(Source records)
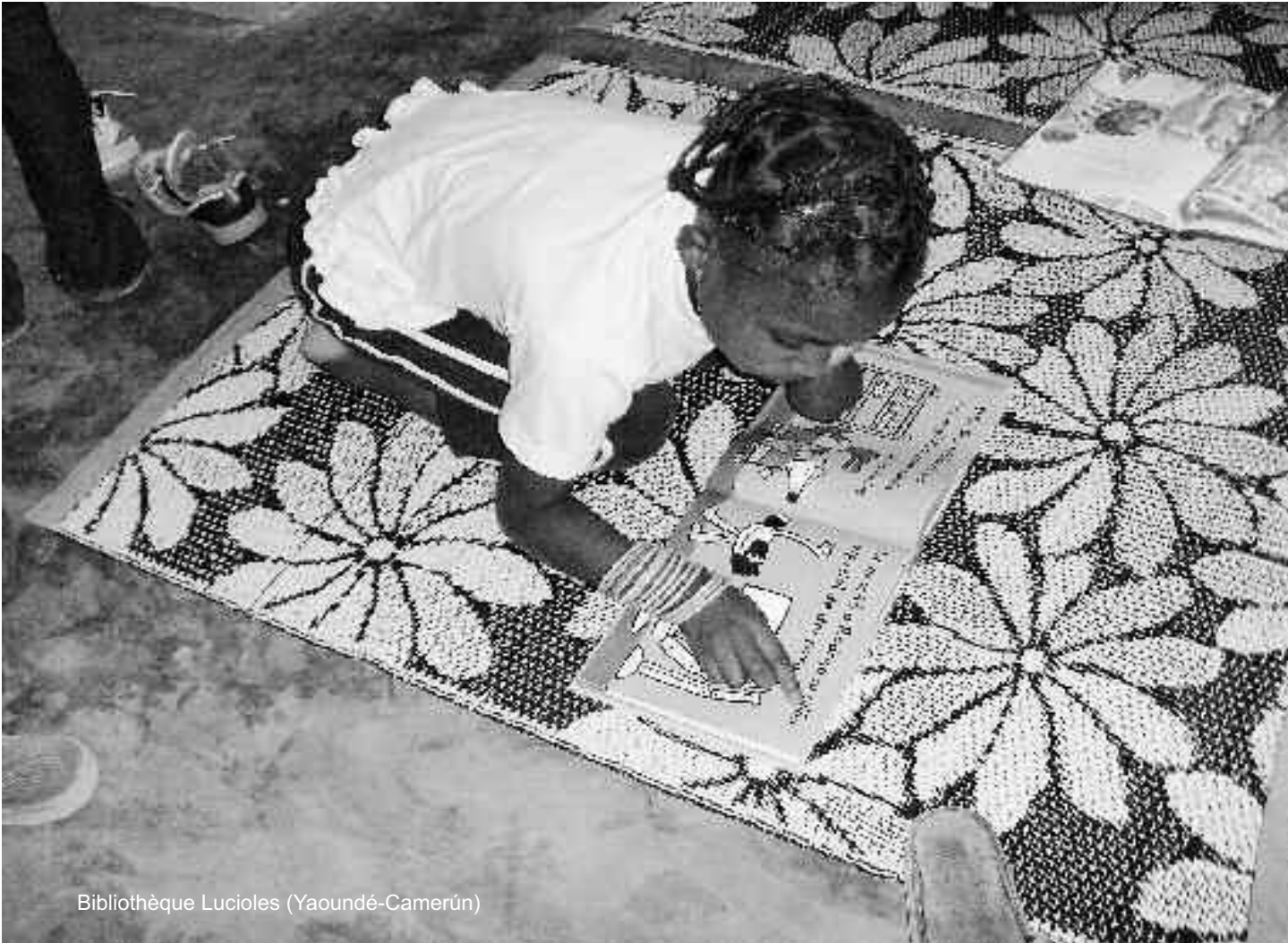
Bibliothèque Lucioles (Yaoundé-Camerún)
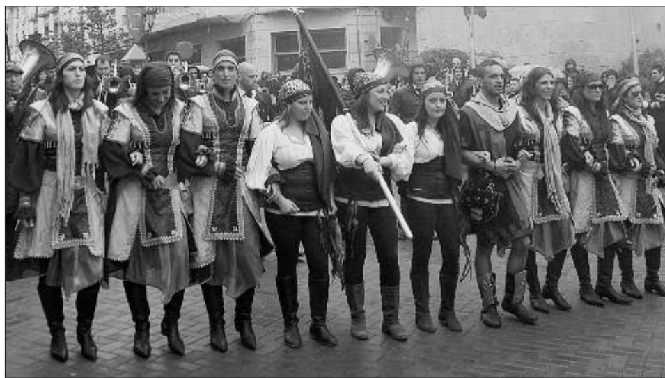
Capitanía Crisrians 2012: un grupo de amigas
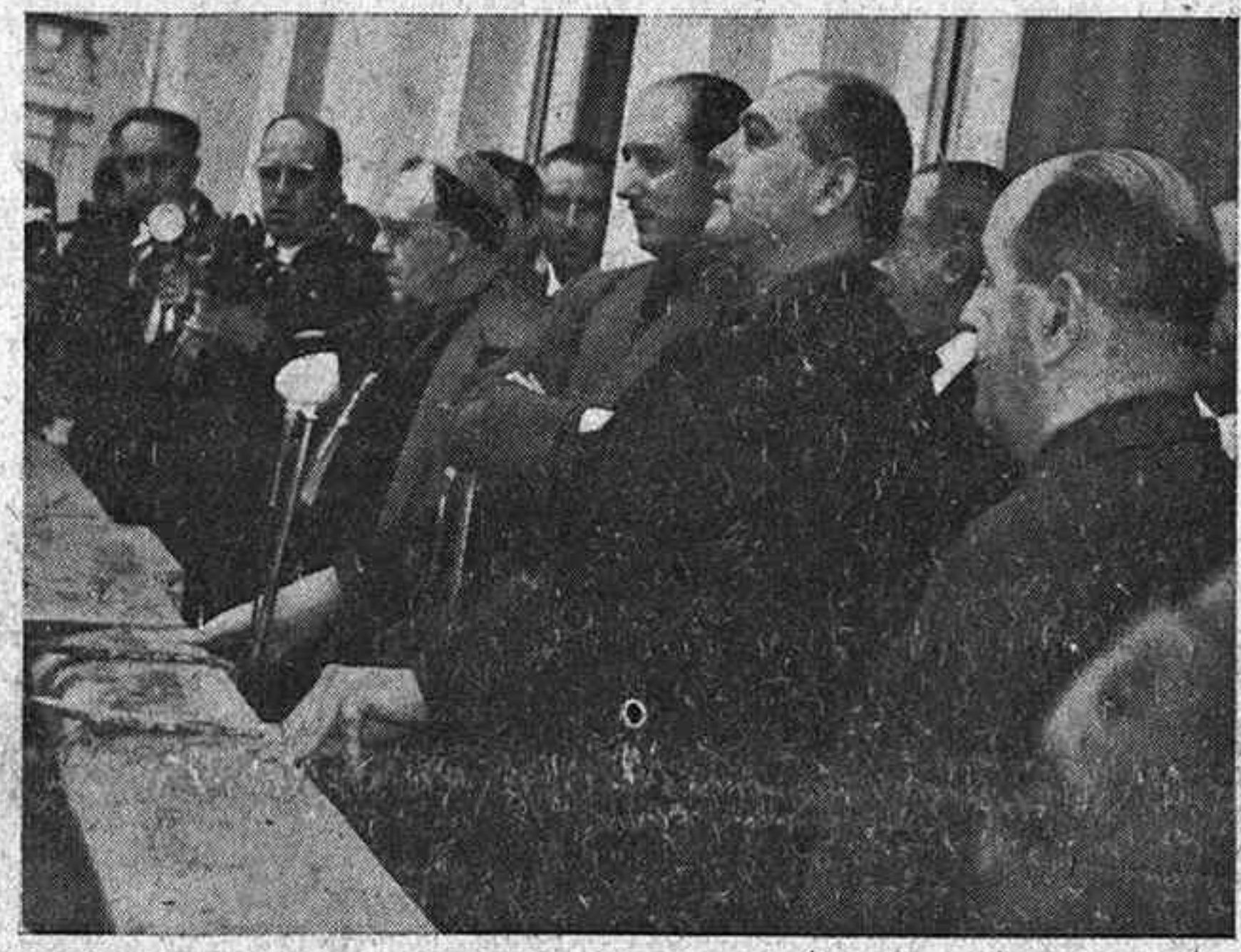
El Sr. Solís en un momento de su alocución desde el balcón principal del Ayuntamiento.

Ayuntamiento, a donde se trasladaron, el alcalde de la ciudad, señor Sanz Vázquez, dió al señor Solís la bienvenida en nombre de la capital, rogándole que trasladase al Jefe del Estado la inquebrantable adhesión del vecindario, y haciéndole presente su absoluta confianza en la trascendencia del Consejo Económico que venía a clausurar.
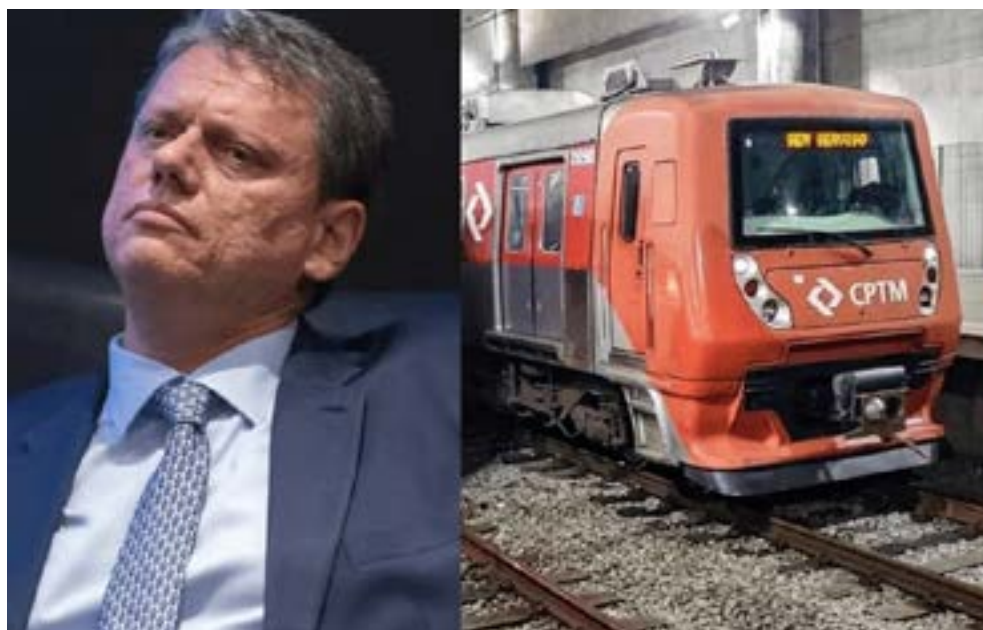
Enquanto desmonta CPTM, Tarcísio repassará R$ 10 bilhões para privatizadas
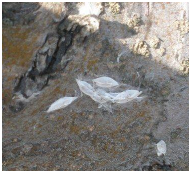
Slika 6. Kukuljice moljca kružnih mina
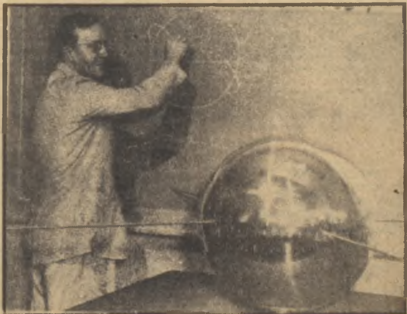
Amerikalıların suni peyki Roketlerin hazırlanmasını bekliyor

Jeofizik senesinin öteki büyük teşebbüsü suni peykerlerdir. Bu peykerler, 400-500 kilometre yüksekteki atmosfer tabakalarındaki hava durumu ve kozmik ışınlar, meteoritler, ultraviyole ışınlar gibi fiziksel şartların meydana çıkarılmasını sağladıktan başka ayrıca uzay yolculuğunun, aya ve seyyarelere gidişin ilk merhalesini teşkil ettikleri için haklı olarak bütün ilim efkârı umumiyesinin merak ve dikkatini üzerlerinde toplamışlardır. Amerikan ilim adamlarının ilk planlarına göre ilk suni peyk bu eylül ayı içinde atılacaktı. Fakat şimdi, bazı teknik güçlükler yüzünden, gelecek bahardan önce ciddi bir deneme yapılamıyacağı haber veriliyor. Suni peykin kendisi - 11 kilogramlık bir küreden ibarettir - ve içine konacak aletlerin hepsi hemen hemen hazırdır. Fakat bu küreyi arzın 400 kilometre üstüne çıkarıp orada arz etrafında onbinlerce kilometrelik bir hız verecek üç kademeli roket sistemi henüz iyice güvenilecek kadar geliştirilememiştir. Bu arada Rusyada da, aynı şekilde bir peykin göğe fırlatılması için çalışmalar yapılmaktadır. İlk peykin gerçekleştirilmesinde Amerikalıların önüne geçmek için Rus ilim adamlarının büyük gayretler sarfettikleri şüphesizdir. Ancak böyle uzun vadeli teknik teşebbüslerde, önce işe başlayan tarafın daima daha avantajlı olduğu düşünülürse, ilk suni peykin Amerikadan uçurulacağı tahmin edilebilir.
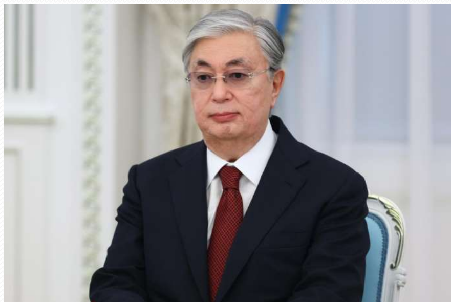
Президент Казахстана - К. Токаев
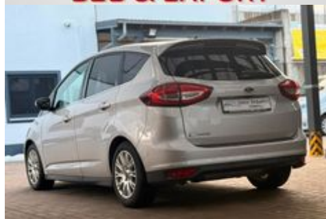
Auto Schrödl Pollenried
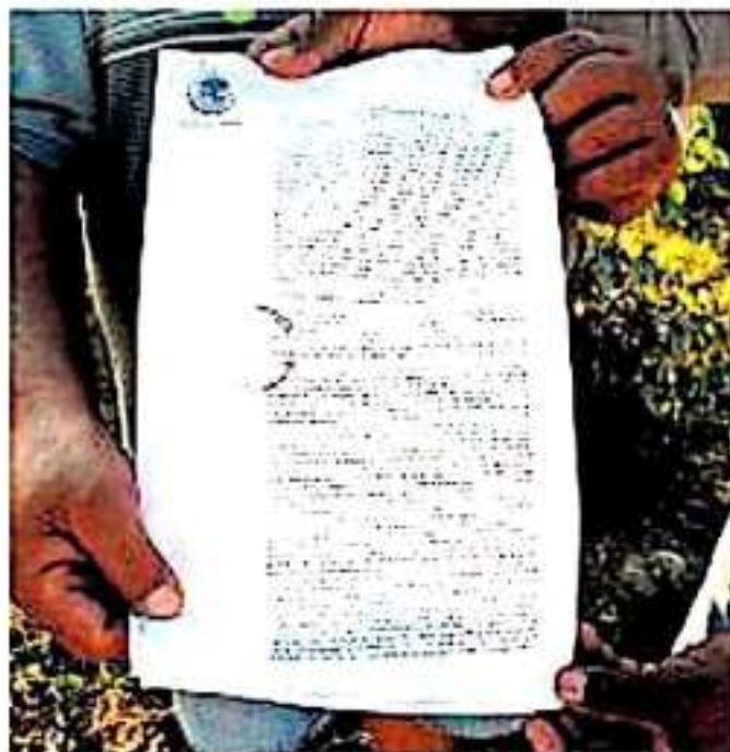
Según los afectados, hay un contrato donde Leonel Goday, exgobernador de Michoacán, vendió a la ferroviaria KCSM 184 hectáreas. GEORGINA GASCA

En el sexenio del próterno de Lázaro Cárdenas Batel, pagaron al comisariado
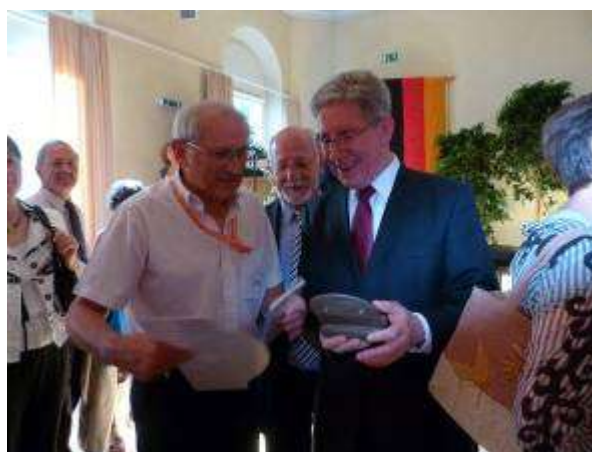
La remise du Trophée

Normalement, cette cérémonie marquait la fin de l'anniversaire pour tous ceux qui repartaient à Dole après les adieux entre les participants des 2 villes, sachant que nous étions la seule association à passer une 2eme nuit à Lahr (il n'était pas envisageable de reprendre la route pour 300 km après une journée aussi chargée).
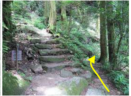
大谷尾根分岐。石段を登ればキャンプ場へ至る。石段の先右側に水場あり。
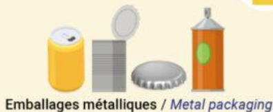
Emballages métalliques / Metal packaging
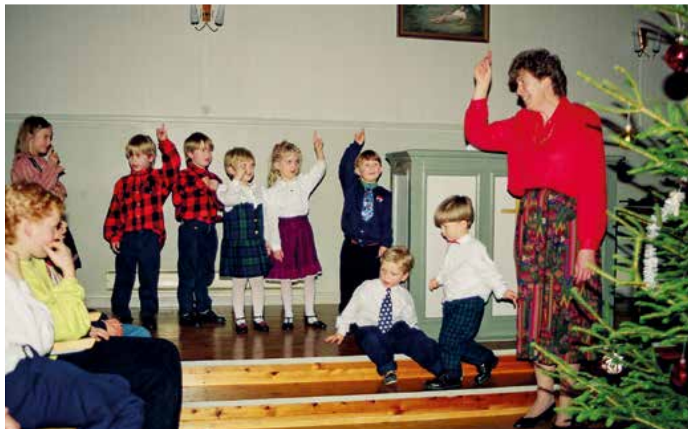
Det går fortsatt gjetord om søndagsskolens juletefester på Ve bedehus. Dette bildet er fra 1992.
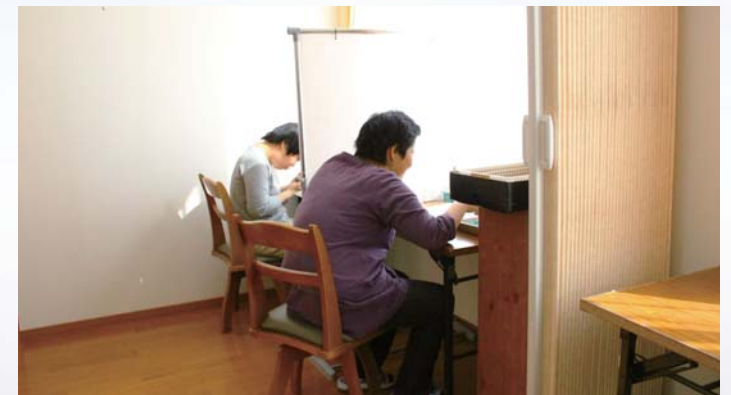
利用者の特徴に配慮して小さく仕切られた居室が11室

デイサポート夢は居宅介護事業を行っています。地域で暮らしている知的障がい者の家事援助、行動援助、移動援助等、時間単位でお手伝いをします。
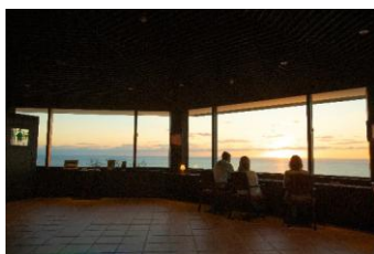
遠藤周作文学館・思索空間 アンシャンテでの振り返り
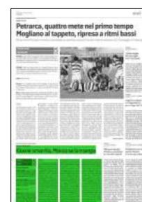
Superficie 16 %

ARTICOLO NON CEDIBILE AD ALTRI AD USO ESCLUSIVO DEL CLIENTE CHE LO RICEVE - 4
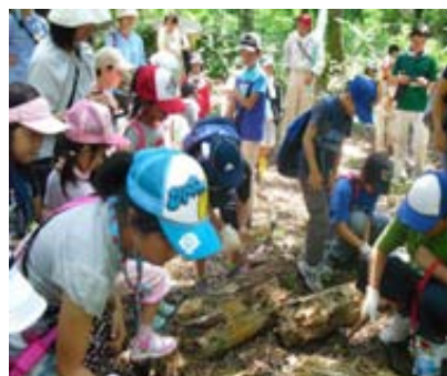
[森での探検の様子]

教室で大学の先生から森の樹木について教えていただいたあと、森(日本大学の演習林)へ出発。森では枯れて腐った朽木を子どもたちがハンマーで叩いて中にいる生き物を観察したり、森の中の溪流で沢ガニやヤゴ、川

◆ TASK
Wherever the word "Ayuntamiento" appears in a line of the records, count that line. Say how many there are, with no other words.

◆ RESULT BELOW
2